Asking for the moon, in my view. Here are 10 "heuristics" that try to place the theory. NB that many people stop at #1, as if this were enough. None of these points is particularly easy to track in the literature, AFAIK.
An irreducible variety V is going to be treated as a "molecule" in this theory, not an "atom". Motives are in a sense parts of varieties. If you count points over finite fields this can look combinatorial (e.g. Euler's formula for the triangulations of a sphere) but has to go a lot deeper.
In cohomology of a variety of dimension n, the top relevant dimension has to be 2n, for reasons that are easy to see over the complex numbers (real dimension), but in general have to do with topological intuitions, such as ramification taking place in codimension 2.

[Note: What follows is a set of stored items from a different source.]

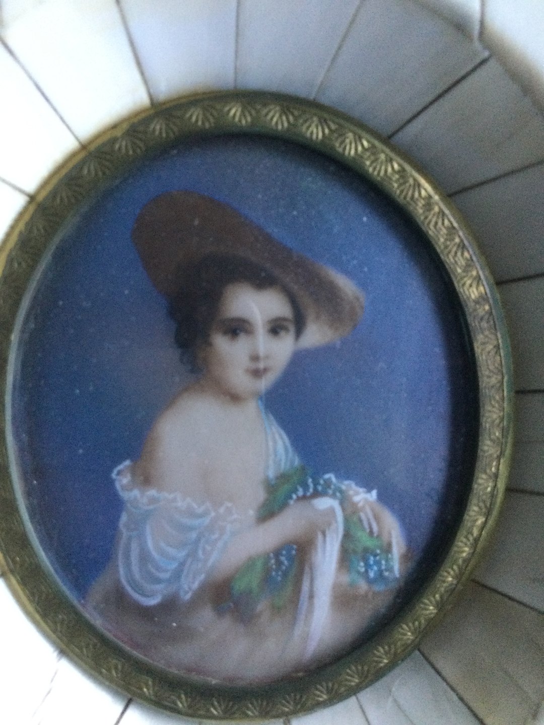 Miniature portræt i benramme - Portræt af smuk ung kvinde med hat og frugtkurv.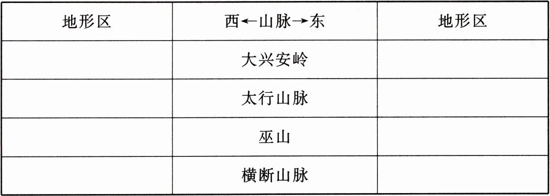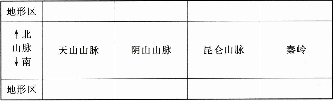 3. 结合课本P26图2.5,找出以下山脉两侧的地形区。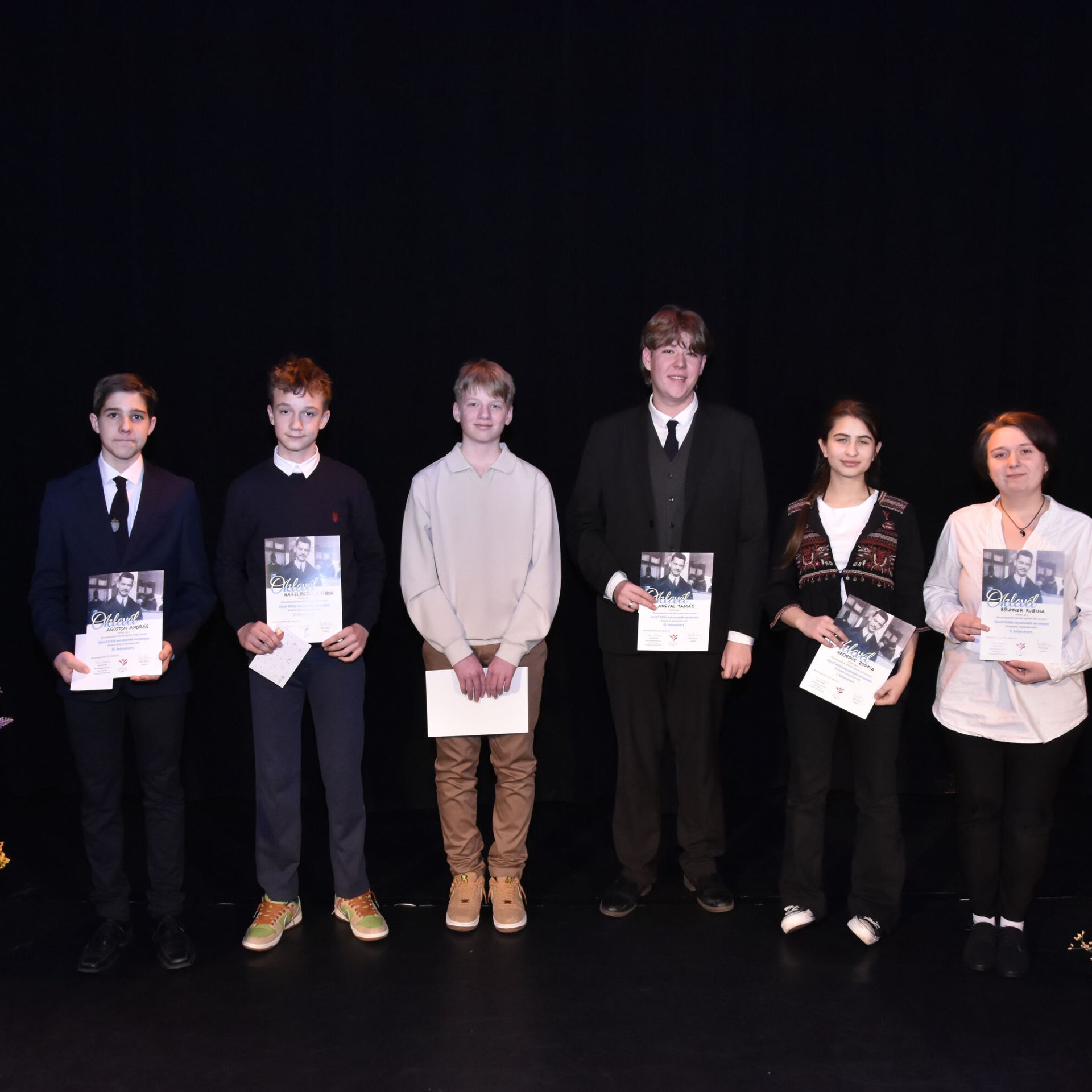 felkészítő tanár: dr. Váradi ViolaA helyezettek oklevél és könyvvásárlási utalvány jutalomban részesültek. Továbbá felkérést kaptak a Mosonmagyaróvári Kulturális Egyesület által szervezett április 11-i Költészet napi koszorúzási rendezvényen versük elmondására.

Grothendieck's big-scale pattern of thought involves defining a whole category at once, and understanding it by means of category-level structures and concepts. The "category of motives" is to be understood, in particular its Hom-sets. These are to be modelled on the idea of algebraic correspondence. So it's morally a category of relations.
Algebraic cycles (i): Generally in homology theory, the modern approach is to start with a very abstract definition and worry later about how to represent a class concretely. Here the opposite approach is useful - algebraic cycles are traced on varieties by combinations of subvarieties.
Algebraic cycles (ii): Algebraic cycles need to be subject to equivalence relations, such as linear equivalence for divisors. There are significant technical issues here (vaguely replacing homotopies).
Algebraic cycles (iii): There is (or may be) a paucity of algebraic cycles. Cf. the Hodge conjecture. In other words we lack existence proofs in general.
Problem-solving (i): Assume enough about a good category of motives and you get a conditional proof of the Weil conjectures.
Problem-solving (ii): Motives can conjecturally account (coarsely, Lie algebra level) for the images of Galois representations on l-adic cohomoloycohomology.
Top-down view: Motives solve the problem of what would be the "universal Weil cohomology", at least in the best of all possible worlds.
Grothendieck's period conjecture: a concrete out-turn in transcendence theory is the conjectural upper bound for the transcendence degree of the periods of abelian varieties. Motives can "catch" enough algebraic cycles to do this.